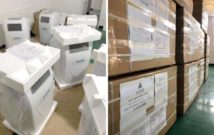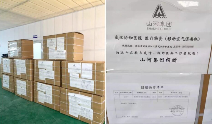 20台医用移动空气消毒机,捐赠予武汉协和医院及团风县人民医院;
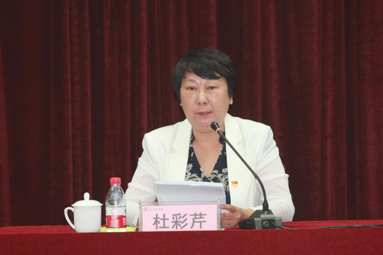 最后,杜彩芹校长就如何贯彻落实动员会精神提出了三点要求:一要坚持思想引领,提高政治站位,把思想和行动统一到习近平总书记重要讲话精神和党中央决策部署上来,把主题教育作为重大政治任务抓牢抓实。二要坚持效果导向,达到预期目标,做到认识到位、措施到位、工作到位。三要坚持统筹兼顾,推进各项工作,全校党员干部要坚持围绕中心,服务大局,确保主题教育取得扎实成效。
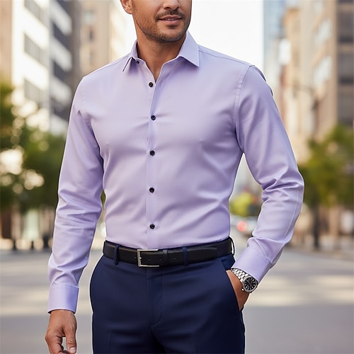 Per uomo Camicia elegante Camicia button-down Camicia non stiro Camicia con Colletto Semplice Matrimonio Lavoro Blu chiaro Bianco Rosa Blu marino Manica Lunga Colletto Tutte le stagioni Abbigliamento
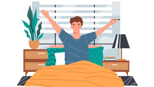 Первые минуты после пробуждения - важное время для организма в начале дня. Рекомендуем поставить будильник на 5-10 минут раньше, чтобы не спешить. Лежа в кровати, сделайте несколько медленных глубоких вдохов и выдохов. Потяните суставы. Помассируйте мочки ушей, голову, пальцы рук. Вставайте медленно, без резких движений.
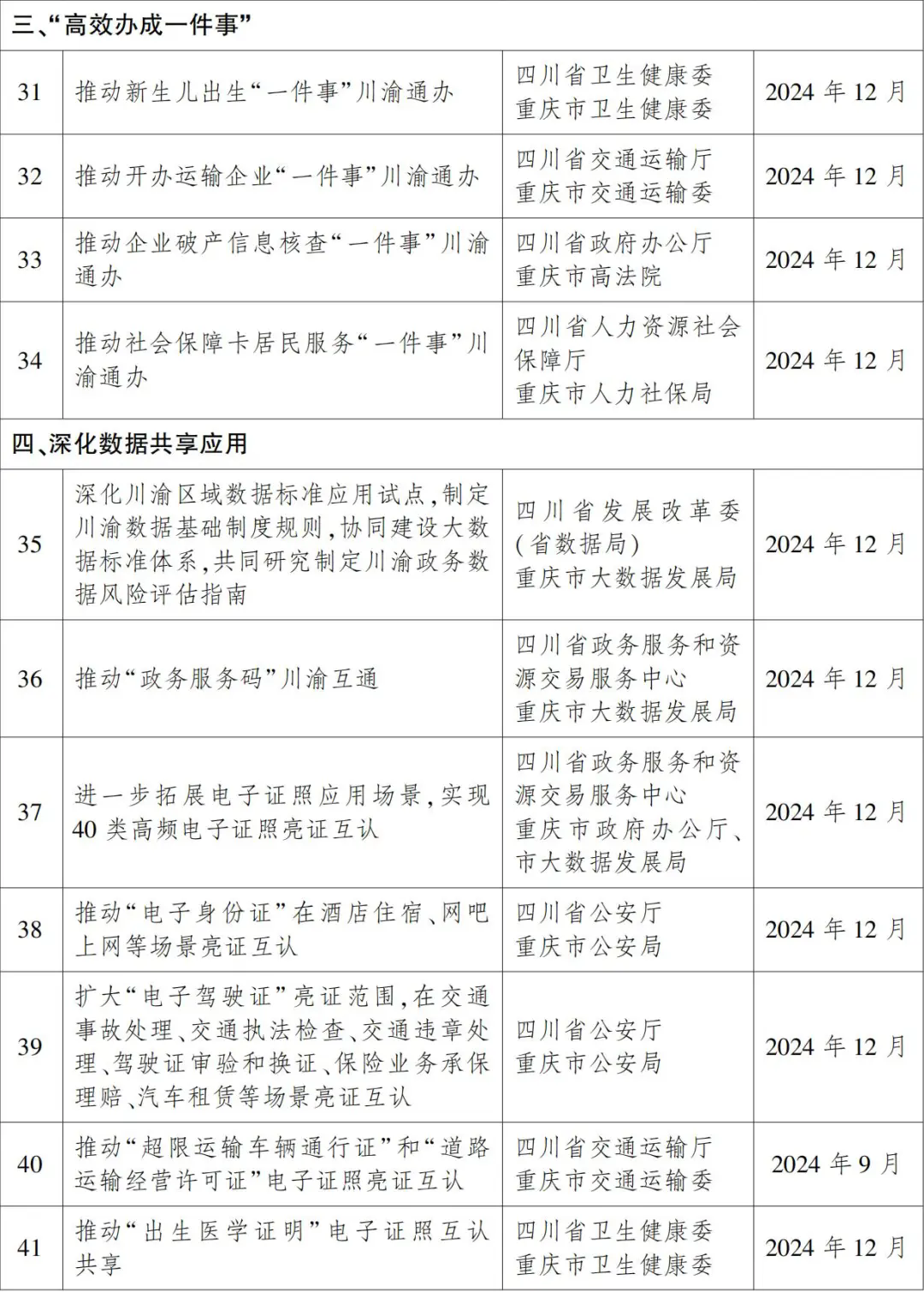 4月8日,四川省人民政府办公厅、重庆市人民政府办公厅联合印发了《深化川渝政务服务合作2024年重点工作任务清单》,其中提到,推动“政务服务码”川渝互通、扩大“电子驾驶证”亮证范围等重点工作任务,一起来看详细清单。
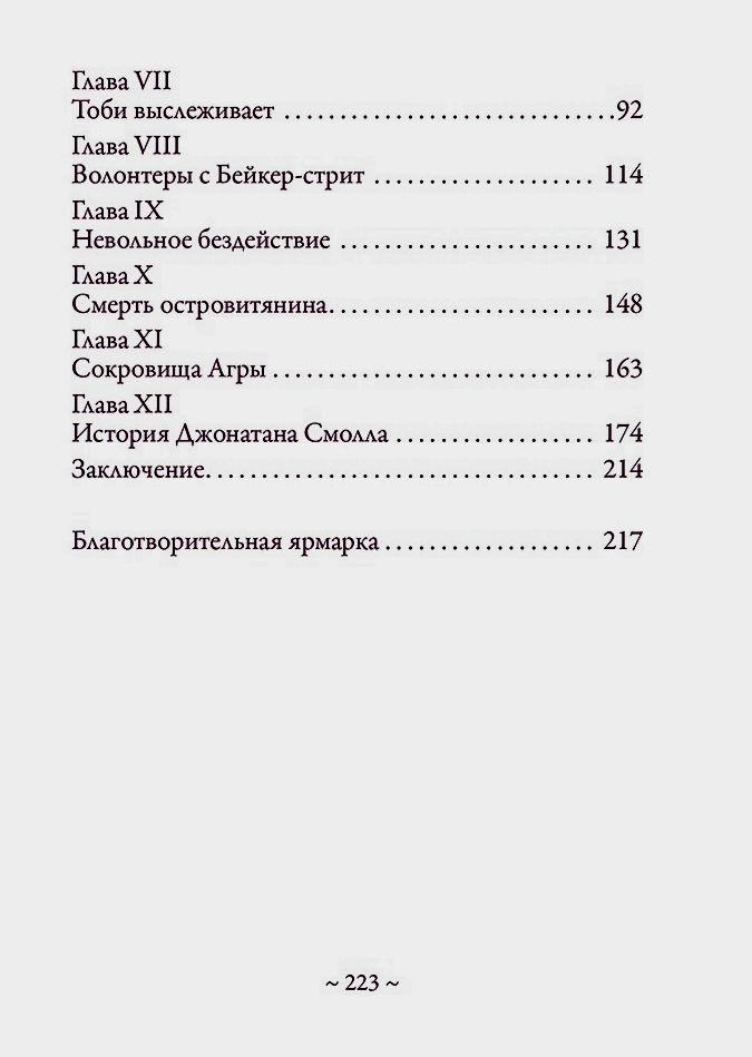 2 том. В книге представлена детективная повесть «Знак четырёх». В ней давно полюбившийся читателям сыщик Шерлок Холмс раскрывает тайны обладателей сокровищ Агры, а его верный друг доктор Джон Ватсон впервые встречает свою будущую жену. В издание также вошёл рассказ «Благотворительная ярмарка», написанный Дойлом для сбора средств на нужды Эдинбургского университета.
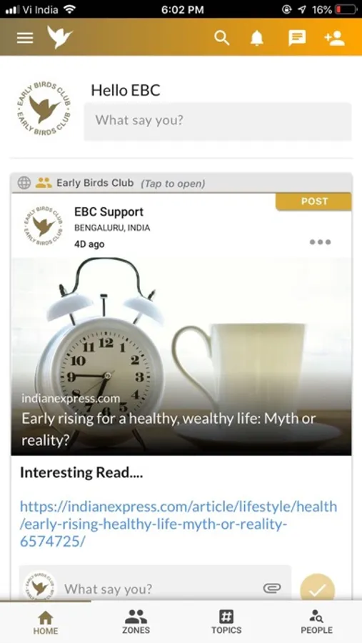 A global platform where individuals from all walks of life participate and share their experiences with waking up early and inspire each other to utilize that "Golden Hour" for self improvement and prosperity!
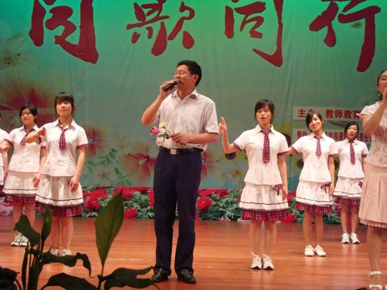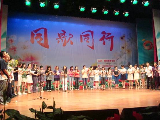 2010年6月20日晚上7:30,教师教育学院在我校三平台演播大厅隆重举办了以“同歌同行”为主题的欢送2010届毕业生晚会。此次晚会得到了兴文县和良建材有限责任公司的大力赞助。出席晚会的有宜宾学院党委副书记、教师教育学院院长刘维鸿教授、常务副院长杨随军副教授、党总支书记邱宏同志、党总支副书记赵政一教授、副院长李尚卫副教授、副院长何奎莲副教授、特邀嘉宾兴文县和良建材有限责任公司董事长古正文、副董事长李和远、总经理彭家虎以及我院全体师生共500余人。
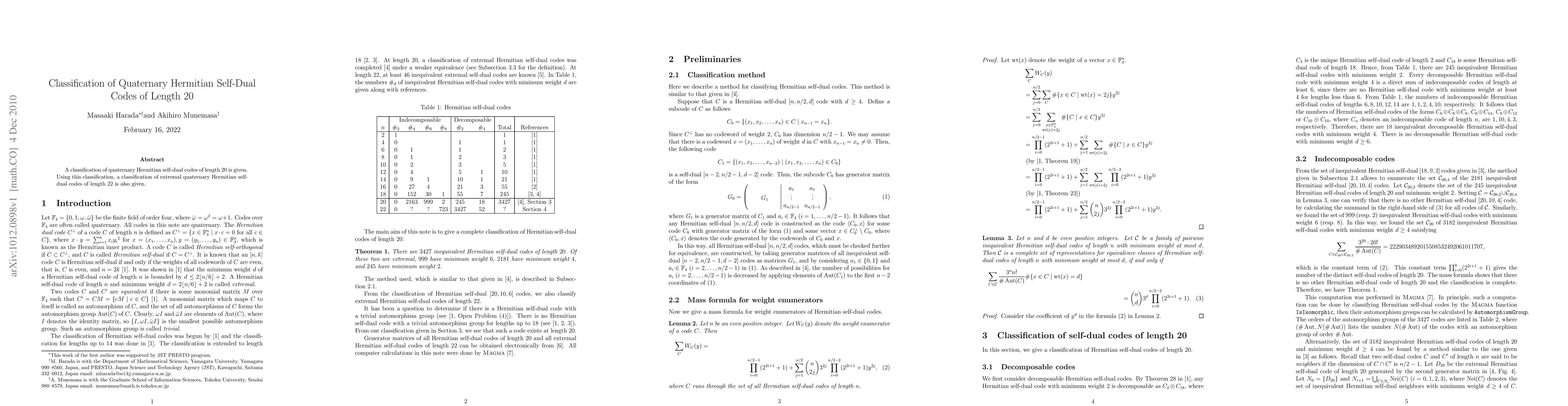This paper classifies quaternary Hermitian self-dual codes of length 20 and uses this classification to also classify extremal quaternary Hermitian self-dual codes of length 22. The findings provide a comprehensive understanding of these specific code structures.
- - -
What is needed :: Copy the material shown above in full and exactly. Skip the pictures.

Finished exercise ::
 20台医用移动空气消毒机,捐赠予武汉协和医院及团风县人民医院;
 最后,杜彩芹校长就如何贯彻落实动员会精神提出了三点要求:一要坚持思想引领,提高政治站位,把思想和行动统一到习近平总书记重要讲话精神和党中央决策部署上来,把主题教育作为重大政治任务抓牢抓实。二要坚持效果导向,达到预期目标,做到认识到位、措施到位、工作到位。三要坚持统筹兼顾,推进各项工作,全校党员干部要坚持围绕中心,服务大局,确保主题教育取得扎实成效。
 Per uomo Camicia elegante Camicia button-down Camicia non stiro Camicia con Colletto Semplice Matrimonio Lavoro Blu chiaro Bianco Rosa Blu marino Manica Lunga Colletto Tutte le stagioni Abbigliamento
 Первые минуты после пробуждения - важное время для организма в начале дня. Рекомендуем поставить будильник на 5-10 минут раньше, чтобы не спешить. Лежа в кровати, сделайте несколько медленных глубоких вдохов и выдохов. Потяните суставы. Помассируйте мочки ушей, голову, пальцы рук. Вставайте медленно, без резких движений.
 4月8日,四川省人民政府办公厅、重庆市人民政府办公厅联合印发了《深化川渝政务服务合作2024年重点工作任务清单》,其中提到,推动“政务服务码”川渝互通、扩大“电子驾驶证”亮证范围等重点工作任务,一起来看详细清单。
 2 том. В книге представлена детективная повесть «Знак четырёх». В ней давно полюбившийся читателям сыщик Шерлок Холмс раскрывает тайны обладателей сокровищ Агры, а его верный друг доктор Джон Ватсон впервые встречает свою будущую жену. В издание также вошёл рассказ «Благотворительная ярмарка», написанный Дойлом для сбора средств на нужды Эдинбургского университета.
 A global platform where individuals from all walks of life participate and share their experiences with waking up early and inspire each other to utilize that "Golden Hour" for self improvement and prosperity!
 2010年6月20日晚上7:30,教师教育学院在我校三平台演播大厅隆重举办了以“同歌同行”为主题的欢送2010届毕业生晚会。此次晚会得到了兴文县和良建材有限责任公司的大力赞助。出席晚会的有宜宾学院党委副书记、教师教育学院院长刘维鸿教授、常务副院长杨随军副教授、党总支书记邱宏同志、党总支副书记赵政一教授、副院长李尚卫副教授、副院长何奎莲副教授、特邀嘉宾兴文县和良建材有限责任公司董事长古正文、副董事长李和远、总经理彭家虎以及我院全体师生共500余人。
This paper classifies quaternary Hermitian self-dual codes of length 20 and uses this classification to also classify extremal quaternary Hermitian self-dual codes of length 22. The findings provide a comprehensive understanding of these specific code structures.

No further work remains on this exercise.